__Available data__.
Content starts

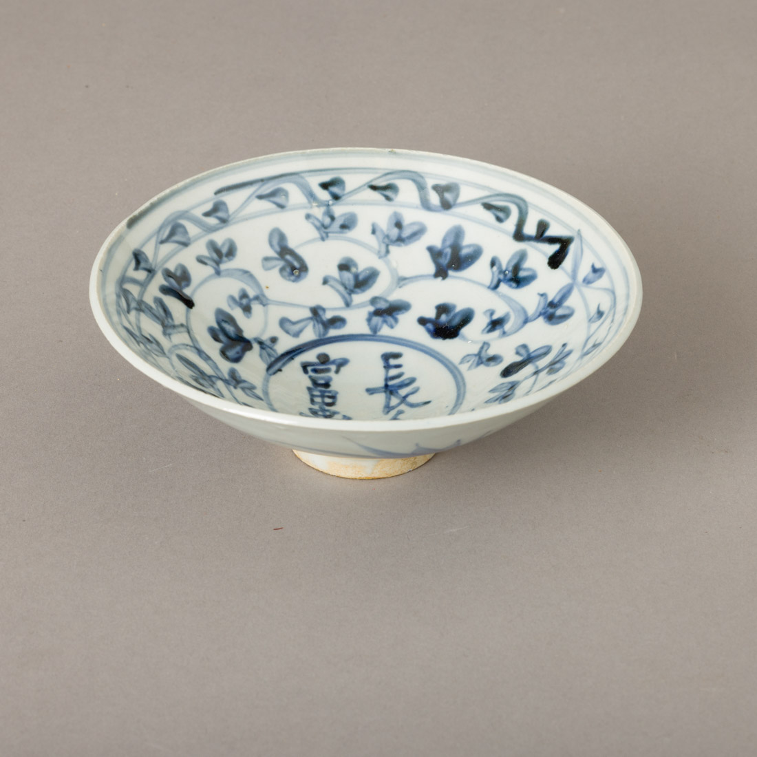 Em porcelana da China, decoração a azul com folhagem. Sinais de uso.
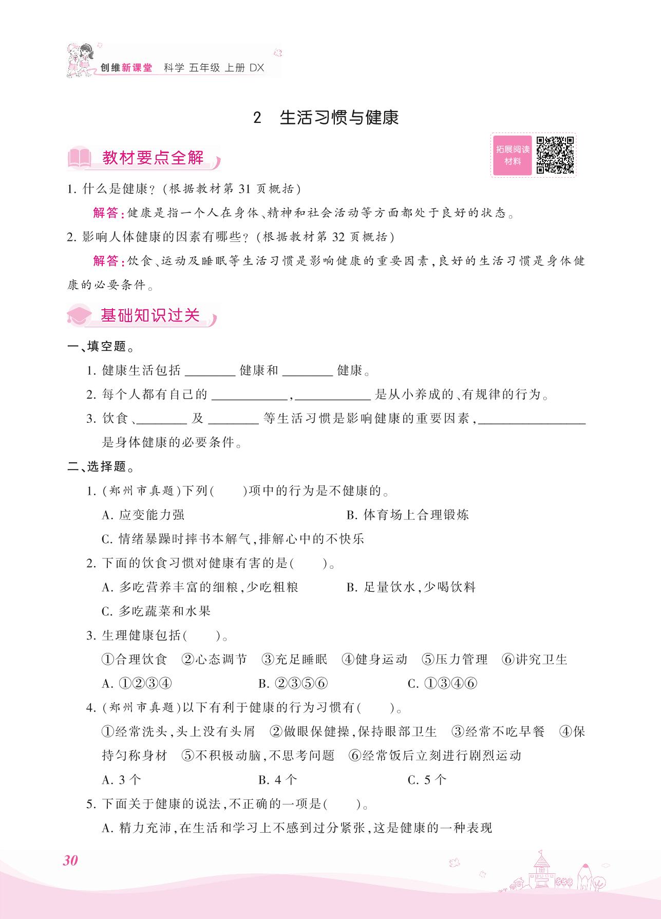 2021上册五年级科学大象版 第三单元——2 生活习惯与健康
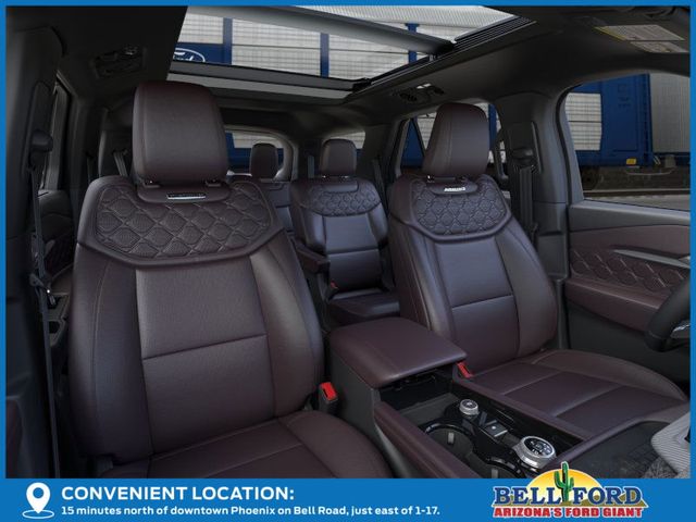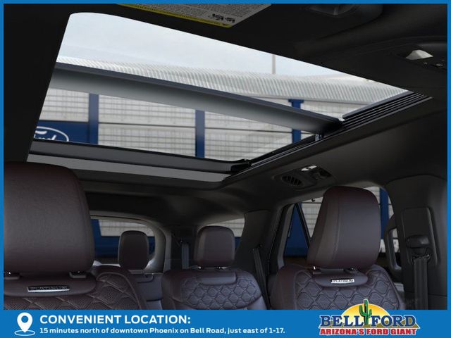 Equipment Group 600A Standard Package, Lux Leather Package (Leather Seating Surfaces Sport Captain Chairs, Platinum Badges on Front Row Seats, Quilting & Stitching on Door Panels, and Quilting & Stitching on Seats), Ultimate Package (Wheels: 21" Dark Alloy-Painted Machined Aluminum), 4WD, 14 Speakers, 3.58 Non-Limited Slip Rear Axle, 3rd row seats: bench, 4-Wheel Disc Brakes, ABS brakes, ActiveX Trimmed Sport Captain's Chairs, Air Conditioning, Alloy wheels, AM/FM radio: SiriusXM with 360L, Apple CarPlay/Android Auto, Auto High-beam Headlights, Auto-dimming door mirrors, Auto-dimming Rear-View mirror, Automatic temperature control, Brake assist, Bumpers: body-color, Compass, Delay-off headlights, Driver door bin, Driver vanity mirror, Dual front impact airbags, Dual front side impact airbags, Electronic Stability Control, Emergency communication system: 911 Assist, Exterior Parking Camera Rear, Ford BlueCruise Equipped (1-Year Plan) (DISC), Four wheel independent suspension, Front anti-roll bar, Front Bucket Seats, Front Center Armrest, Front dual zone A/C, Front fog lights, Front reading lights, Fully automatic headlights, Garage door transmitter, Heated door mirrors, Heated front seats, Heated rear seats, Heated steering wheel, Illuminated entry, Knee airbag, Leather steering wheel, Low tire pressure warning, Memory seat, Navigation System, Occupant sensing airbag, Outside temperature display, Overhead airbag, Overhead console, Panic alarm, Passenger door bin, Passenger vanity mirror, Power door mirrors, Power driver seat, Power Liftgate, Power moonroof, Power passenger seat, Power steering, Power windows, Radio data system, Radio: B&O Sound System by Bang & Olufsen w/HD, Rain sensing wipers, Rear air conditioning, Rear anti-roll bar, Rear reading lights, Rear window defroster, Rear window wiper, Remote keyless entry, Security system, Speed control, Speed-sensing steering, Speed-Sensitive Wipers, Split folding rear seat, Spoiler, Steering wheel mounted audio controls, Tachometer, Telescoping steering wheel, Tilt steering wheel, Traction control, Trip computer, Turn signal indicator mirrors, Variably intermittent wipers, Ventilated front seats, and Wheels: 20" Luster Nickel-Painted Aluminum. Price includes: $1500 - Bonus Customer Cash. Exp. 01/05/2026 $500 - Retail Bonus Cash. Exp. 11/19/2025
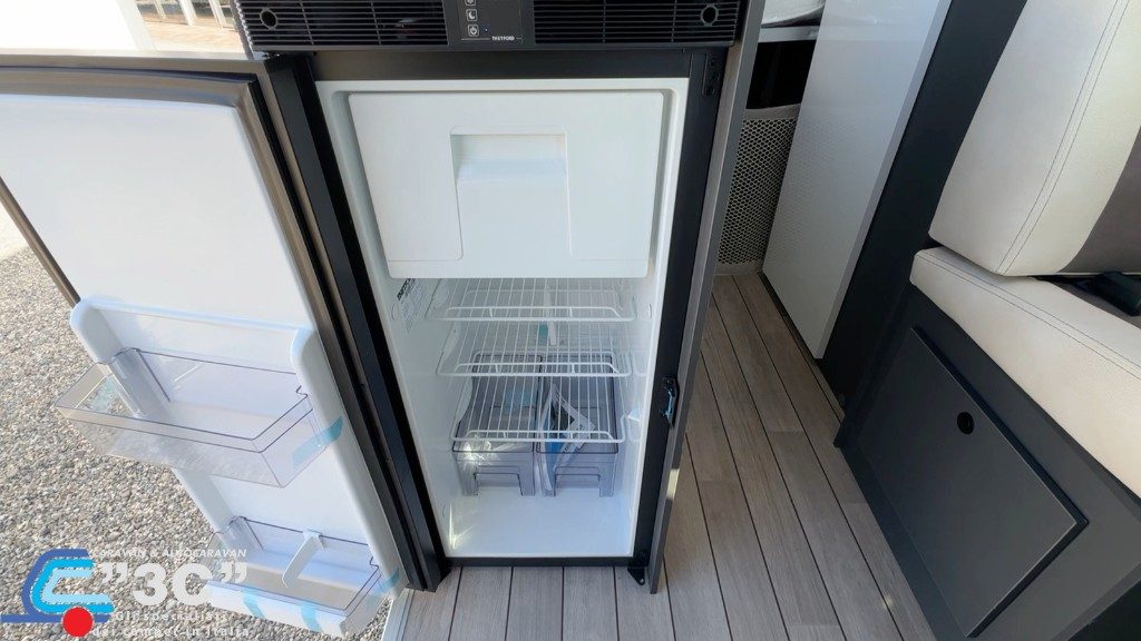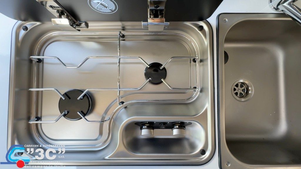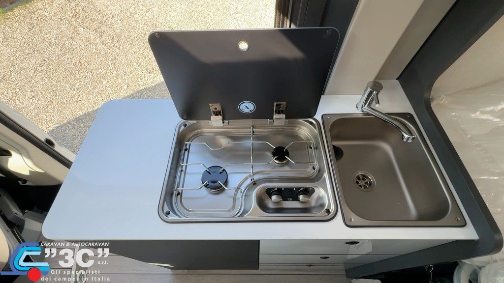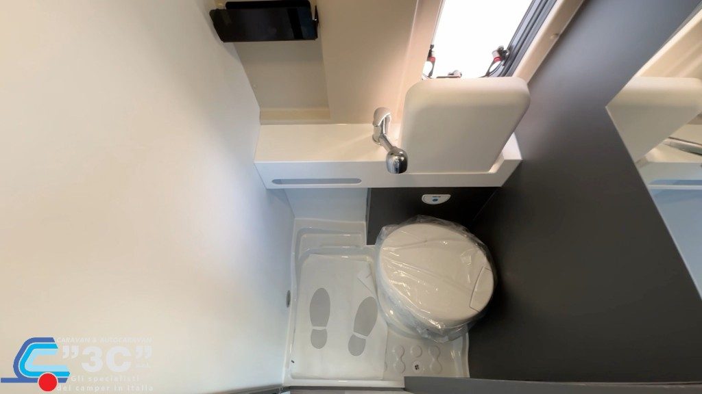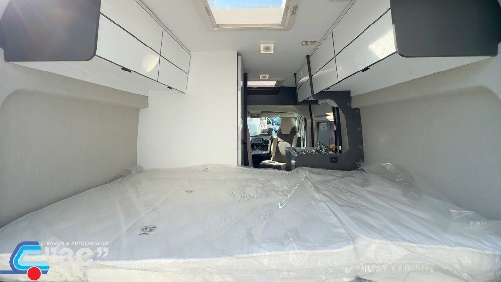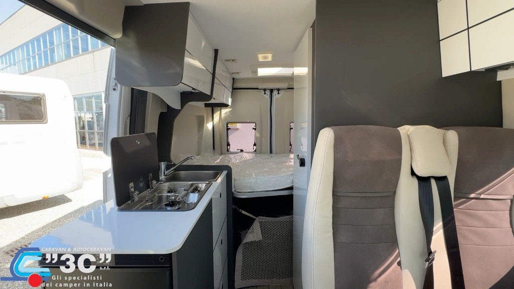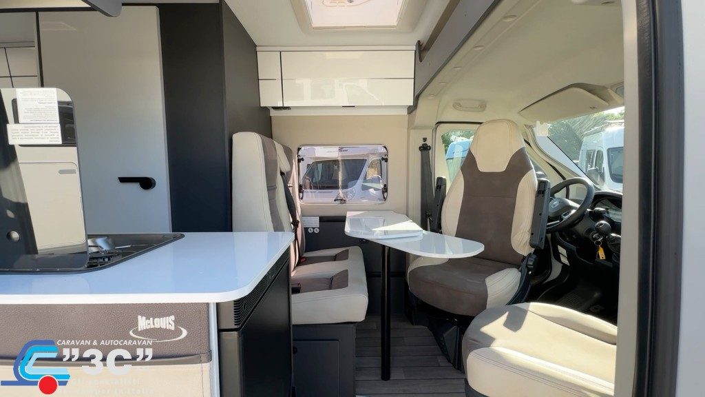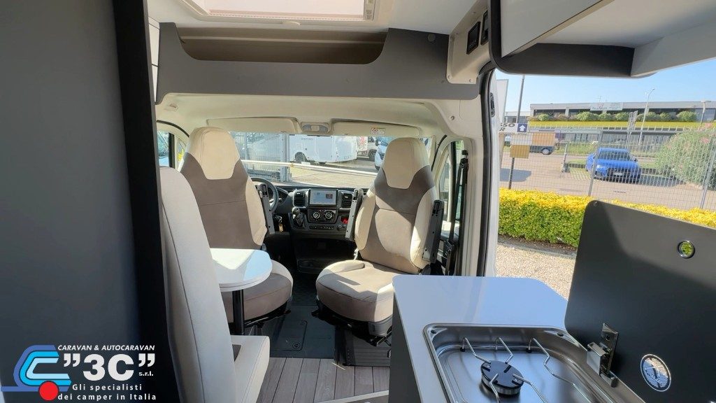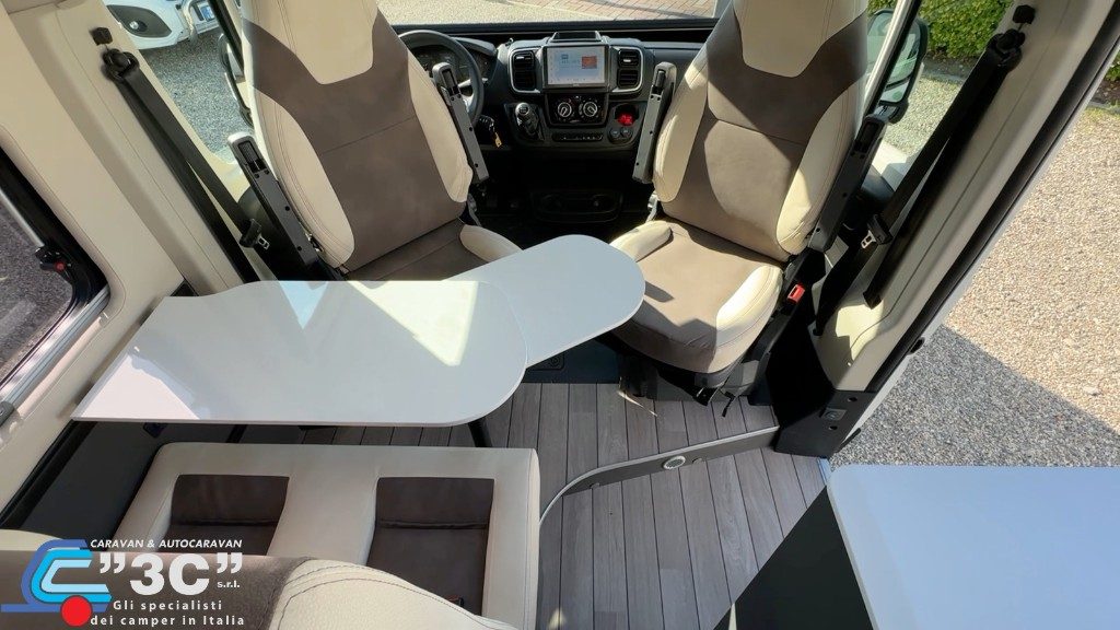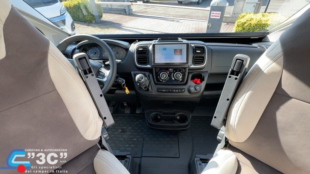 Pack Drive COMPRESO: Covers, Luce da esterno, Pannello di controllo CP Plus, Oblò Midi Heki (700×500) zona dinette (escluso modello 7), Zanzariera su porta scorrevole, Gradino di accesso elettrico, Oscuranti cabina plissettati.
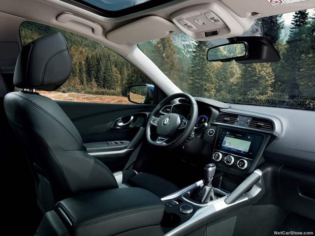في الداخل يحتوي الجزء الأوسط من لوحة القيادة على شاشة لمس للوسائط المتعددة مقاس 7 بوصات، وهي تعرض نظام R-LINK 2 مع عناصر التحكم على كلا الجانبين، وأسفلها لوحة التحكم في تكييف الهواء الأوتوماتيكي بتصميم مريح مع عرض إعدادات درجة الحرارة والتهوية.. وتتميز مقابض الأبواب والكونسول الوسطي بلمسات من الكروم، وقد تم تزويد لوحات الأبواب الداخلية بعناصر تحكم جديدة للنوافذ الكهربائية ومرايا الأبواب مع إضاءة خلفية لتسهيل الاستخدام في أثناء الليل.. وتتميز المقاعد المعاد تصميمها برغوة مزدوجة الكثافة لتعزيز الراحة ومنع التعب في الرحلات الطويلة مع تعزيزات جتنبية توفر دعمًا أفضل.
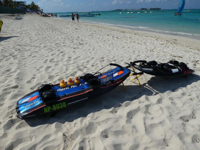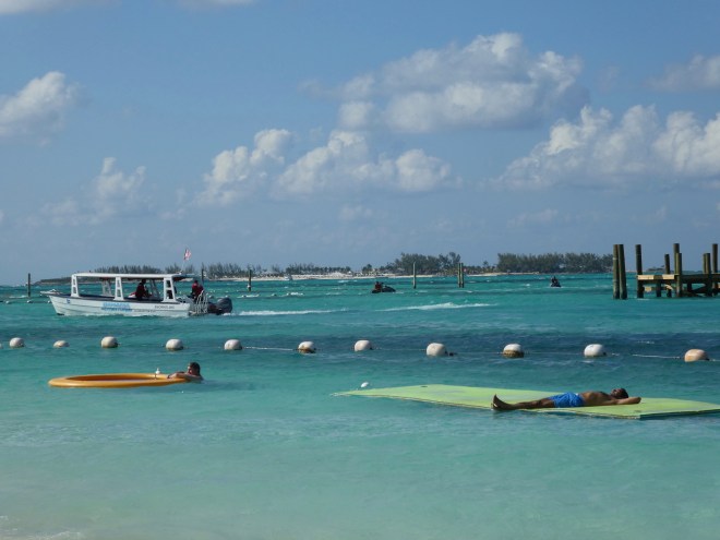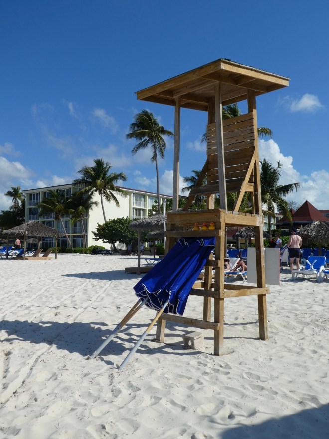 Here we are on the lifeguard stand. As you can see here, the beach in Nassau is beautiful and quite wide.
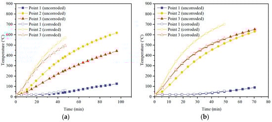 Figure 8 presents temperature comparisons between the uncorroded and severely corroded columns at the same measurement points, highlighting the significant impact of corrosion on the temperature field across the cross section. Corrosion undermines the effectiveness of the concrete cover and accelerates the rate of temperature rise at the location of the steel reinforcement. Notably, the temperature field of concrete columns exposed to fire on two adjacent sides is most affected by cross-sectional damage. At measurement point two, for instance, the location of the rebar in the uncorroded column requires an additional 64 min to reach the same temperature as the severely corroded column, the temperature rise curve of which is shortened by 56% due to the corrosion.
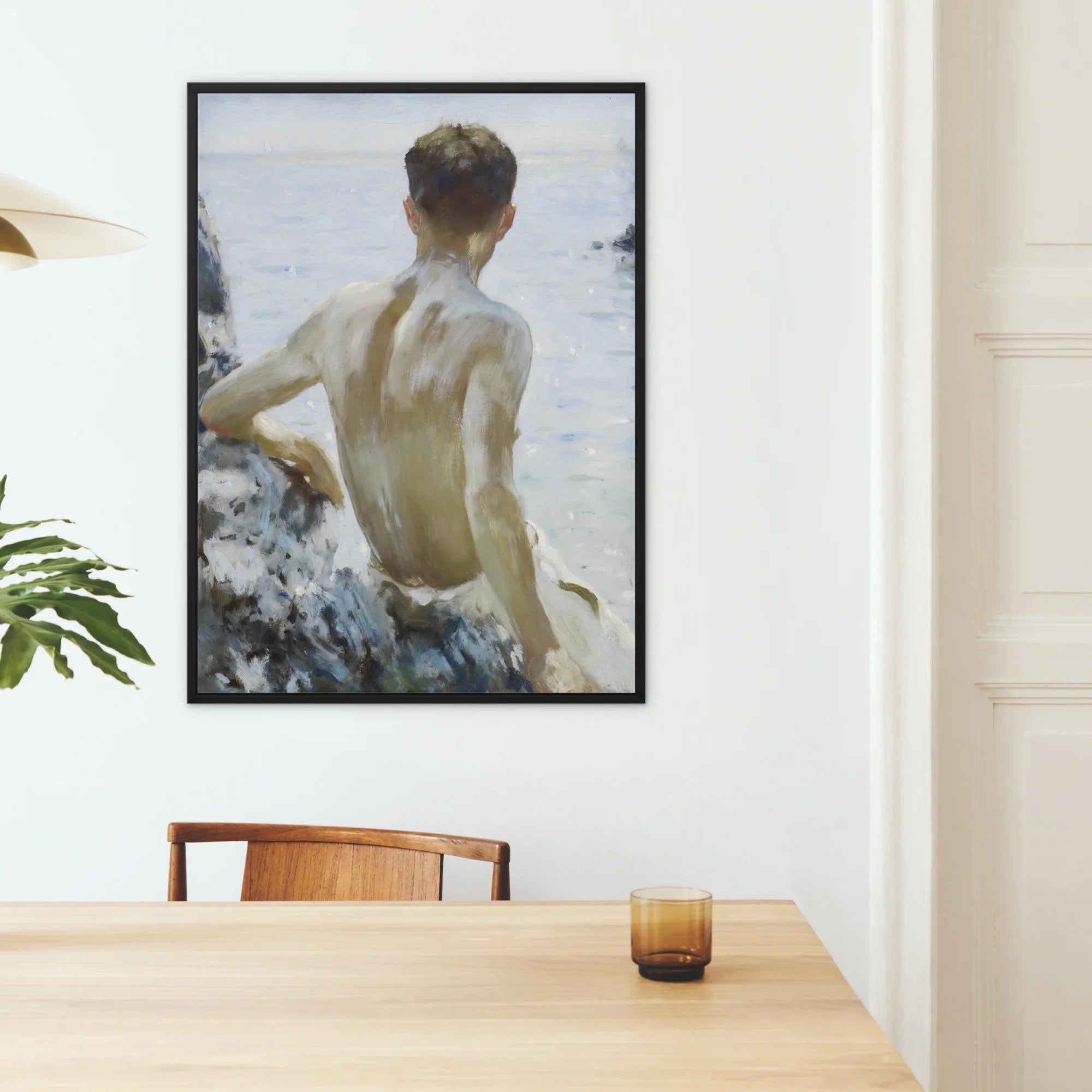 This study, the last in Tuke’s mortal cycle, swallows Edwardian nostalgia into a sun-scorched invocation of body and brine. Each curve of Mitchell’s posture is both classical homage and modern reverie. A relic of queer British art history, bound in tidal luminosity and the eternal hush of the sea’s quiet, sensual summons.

Content ends

__Problem to solve__.
Omit the pictures and restate the rest of the records verbatim.

__Finished task__.
 Em porcelana da China, decoração a azul com folhagem. Sinais de uso.
 2021上册五年级科学大象版 第三单元——2 生活习惯与健康
 Equipment Group 600A Standard Package, Lux Leather Package (Leather Seating Surfaces Sport Captain Chairs, Platinum Badges on Front Row Seats, Quilting & Stitching on Door Panels, and Quilting & Stitching on Seats), Ultimate Package (Wheels: 21" Dark Alloy-Painted Machined Aluminum), 4WD, 14 Speakers, 3.58 Non-Limited Slip Rear Axle, 3rd row seats: bench, 4-Wheel Disc Brakes, ABS brakes, ActiveX Trimmed Sport Captain's Chairs, Air Conditioning, Alloy wheels, AM/FM radio: SiriusXM with 360L, Apple CarPlay/Android Auto, Auto High-beam Headlights, Auto-dimming door mirrors, Auto-dimming Rear-View mirror, Automatic temperature control, Brake assist, Bumpers: body-color, Compass, Delay-off headlights, Driver door bin, Driver vanity mirror, Dual front impact airbags, Dual front side impact airbags, Electronic Stability Control, Emergency communication system: 911 Assist, Exterior Parking Camera Rear, Ford BlueCruise Equipped (1-Year Plan) (DISC), Four wheel independent suspension, Front anti-roll bar, Front Bucket Seats, Front Center Armrest, Front dual zone A/C, Front fog lights, Front reading lights, Fully automatic headlights, Garage door transmitter, Heated door mirrors, Heated front seats, Heated rear seats, Heated steering wheel, Illuminated entry, Knee airbag, Leather steering wheel, Low tire pressure warning, Memory seat, Navigation System, Occupant sensing airbag, Outside temperature display, Overhead airbag, Overhead console, Panic alarm, Passenger door bin, Passenger vanity mirror, Power door mirrors, Power driver seat, Power Liftgate, Power moonroof, Power passenger seat, Power steering, Power windows, Radio data system, Radio: B&O Sound System by Bang & Olufsen w/HD, Rain sensing wipers, Rear air conditioning, Rear anti-roll bar, Rear reading lights, Rear window defroster, Rear window wiper, Remote keyless entry, Security system, Speed control, Speed-sensing steering, Speed-Sensitive Wipers, Split folding rear seat, Spoiler, Steering wheel mounted audio controls, Tachometer, Telescoping steering wheel, Tilt steering wheel, Traction control, Trip computer, Turn signal indicator mirrors, Variably intermittent wipers, Ventilated front seats, and Wheels: 20" Luster Nickel-Painted Aluminum. Price includes: $1500 - Bonus Customer Cash. Exp. 01/05/2026 $500 - Retail Bonus Cash. Exp. 11/19/2025
 Pack Drive COMPRESO: Covers, Luce da esterno, Pannello di controllo CP Plus, Oblò Midi Heki (700×500) zona dinette (escluso modello 7), Zanzariera su porta scorrevole, Gradino di accesso elettrico, Oscuranti cabina plissettati.
في الداخل يحتوي الجزء الأوسط من لوحة القيادة على شاشة لمس للوسائط المتعددة مقاس 7 بوصات، وهي تعرض نظام R-LINK 2 مع عناصر التحكم على كلا الجانبين، وأسفلها لوحة التحكم في تكييف الهواء الأوتوماتيكي بتصميم مريح مع عرض إعدادات درجة الحرارة والتهوية.. وتتميز مقابض الأبواب والكونسول الوسطي بلمسات من الكروم، وقد تم تزويد لوحات الأبواب الداخلية بعناصر تحكم جديدة للنوافذ الكهربائية ومرايا الأبواب مع إضاءة خلفية لتسهيل الاستخدام في أثناء الليل.. وتتميز المقاعد المعاد تصميمها برغوة مزدوجة الكثافة لتعزيز الراحة ومنع التعب في الرحلات الطويلة مع تعزيزات جتنبية توفر دعمًا أفضل.
 Here we are on the lifeguard stand. As you can see here, the beach in Nassau is beautiful and quite wide.
 Figure 8 presents temperature comparisons between the uncorroded and severely corroded columns at the same measurement points, highlighting the significant impact of corrosion on the temperature field across the cross section. Corrosion undermines the effectiveness of the concrete cover and accelerates the rate of temperature rise at the location of the steel reinforcement. Notably, the temperature field of concrete columns exposed to fire on two adjacent sides is most affected by cross-sectional damage. At measurement point two, for instance, the location of the rebar in the uncorroded column requires an additional 64 min to reach the same temperature as the severely corroded column, the temperature rise curve of which is shortened by 56% due to the corrosion.
 This study, the last in Tuke’s mortal cycle, swallows Edwardian nostalgia into a sun-scorched invocation of body and brine. Each curve of Mitchell’s posture is both classical homage and modern reverie. A relic of queer British art history, bound in tidal luminosity and the eternal hush of the sea’s quiet, sensual summons.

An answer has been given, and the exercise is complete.